Rationale: Agents will become a recognized part of your workforce from 2027 on. The way they learn, understand context, and complete their work will depend on having access to the same resources that a human does. MCP is the way to achieve that. The sooner you build experience, the better. - Invest in a learning and development program for the role of solution architect. Then, move your first class through the curriculum to upskill some technical architects, data architects, analysts, and other roles.
Rationale: The most important skills in the future will be related to providing AI with clear requirements, goals, assumptions, in/out of scope, measurements, validation strategies, etc. Think of it as prompt engineering, but at an enterprise level of sophistication. These skills most closely match the role of a solution architect. It’s a shift in emphasis from low-level implementation details to expertise in communicating based on a deep understanding of processes, risk, policies, and other related dependencies. The goal for 2026 should be to establish this role and socialize the knowledge that it will be critical for the design and deployment of AI in the future. - Invest in metadata harvesting and curating good data lineage.
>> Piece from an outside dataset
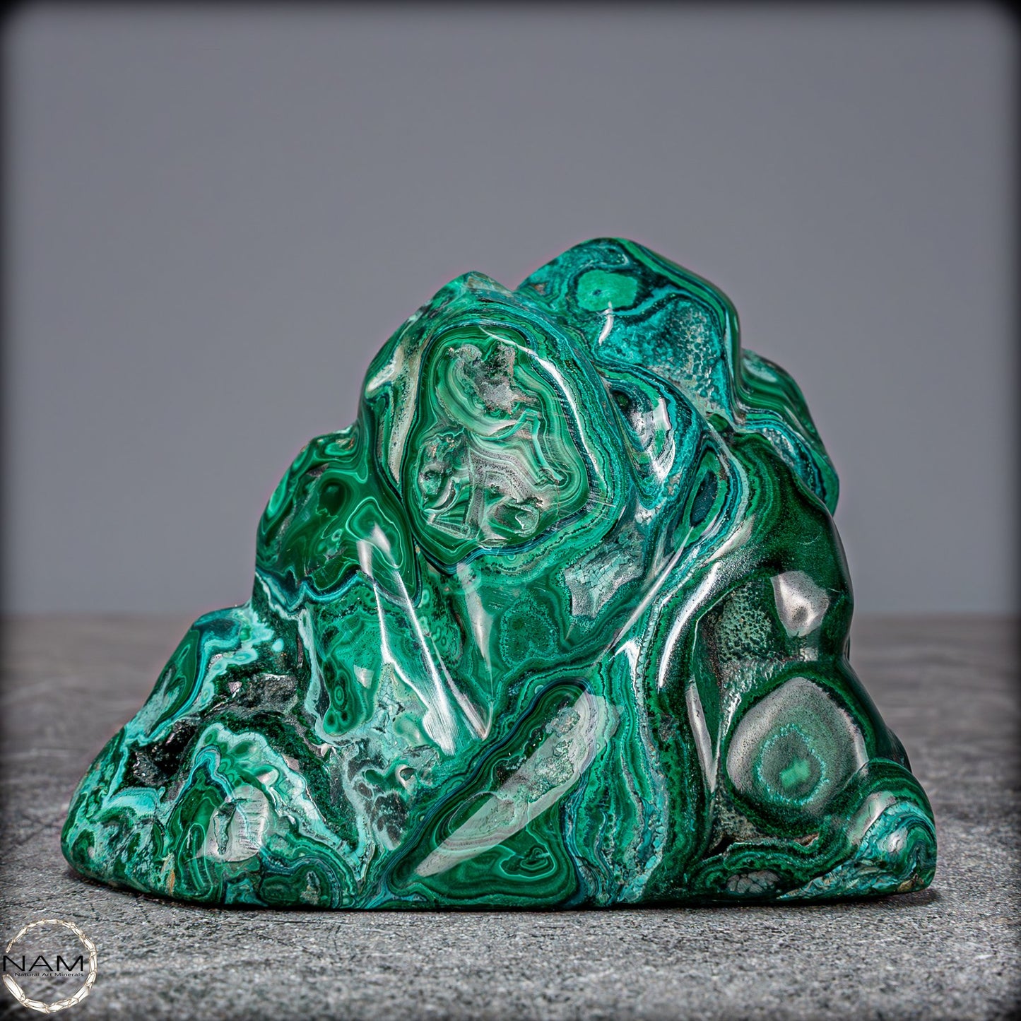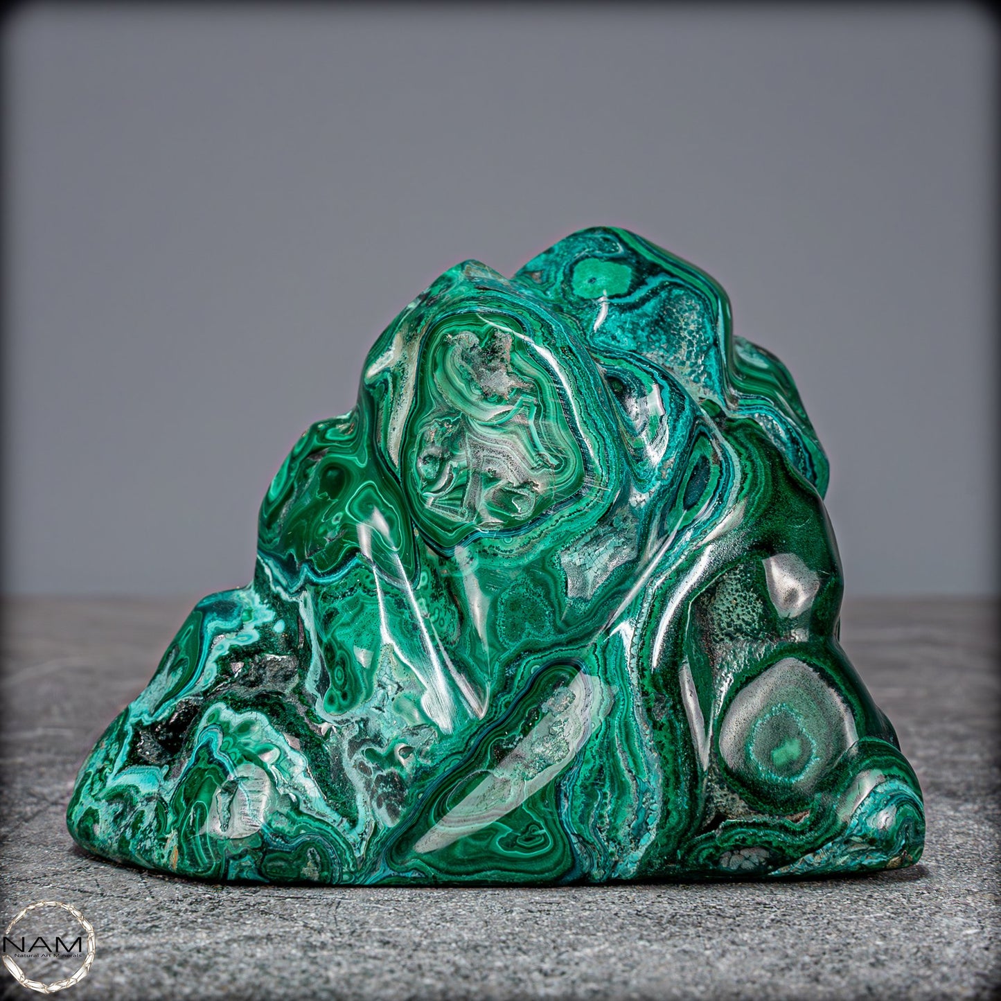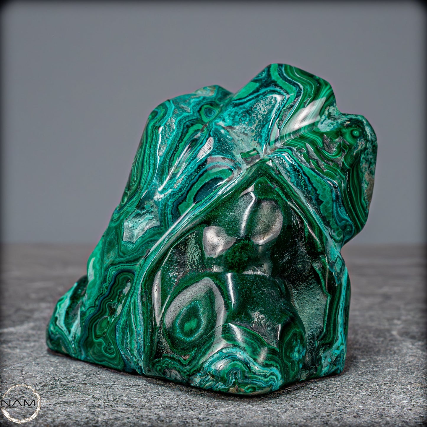 Ideal als dekoratives Herzstück in jedem Raum bringt dieses Kunstwerk nicht nur ästhetischen Genuss, sondern auch die beruhigende Energie beider Edelsteine. Malachit wird oft als Stein des Schutzes angesehen, während Chrysokolla für Harmonie und Frieden steht. Ob für Sammler, Edelsteinliebhaber oder als besonderes Geschenk, diese Freiform ist ein unvergleichliches Symbol der Schönheit und Kraft der Natur.

Rationale: Agentic AI with artificial general intelligence (AGI) requires being trained on enterprise-specific knowledge. For data leaders, that knowledge and context is the metadata of all data assets and how they are related. The stronger and more accurate the metadata corpus, the greater the impact AI can have on the organization. - Double down on master data programs and reference data.
Rationale: Agentic AI will be exposing the nasty underbelly of misaligned and conflicting data faster than ever before. 2026 would be a good time to put this house in order or close up any gaps. - Double down on writing good polices, risks, and controls expressed as rules.
Rationale: The key to agentic AI working well will be the instructions and guidelines it’s given. These should already exist in the form of policies, risks, and controls; however, they are likely not complete or specific enough for AI. 2026 would be a good time to revisit them and learn how to write them with a high level of precision. - Identify and plan a target opportunity in 2027 for swapping human engineers for agents. This involves identifying a step or steps in a process that would yield good results by giving Agentic AI responsibility for its maintenance.
Rationale: Eventually, most technical processes will be maintained by AI agents. 2027 will be a good year to begin moving through that reengineering by cherry picking high-value/low-risk opportunities.
Closing Thoughts
Some will argue that these recommendations are not aggressive enough, while others will contend that they are too aggressive. Obviously, ‘mileage will vary’ and each leader must determine where they stand on the adoption curve and what the business and industry they are in demands.
I’ve not said anything about the use of AI capabilities released as part of applications and tools that are already in use. That is a tricky topic. I believe each must be evaluated on a case-by-case basis. I’ve seen some truly amazing add-on capabilities, as well as some very poor ones, which appear to be a rush to market. The most significant risk is that you realize in mid-2026 that you have a portfolio of widely overlapping AI capabilities that are a drag on the budget and are creating more maintenance overhead than they are helping to offset.
Will we see more seismic announcements before the end of calendar 2025 that change my recommendations? I’ll give you a solid, maybe. However, the list above is quite comprehensive and charts a strategic course to align existing technology, roles, and skills, as well as strengthen data management practices, which will form a solid foundation for 2027.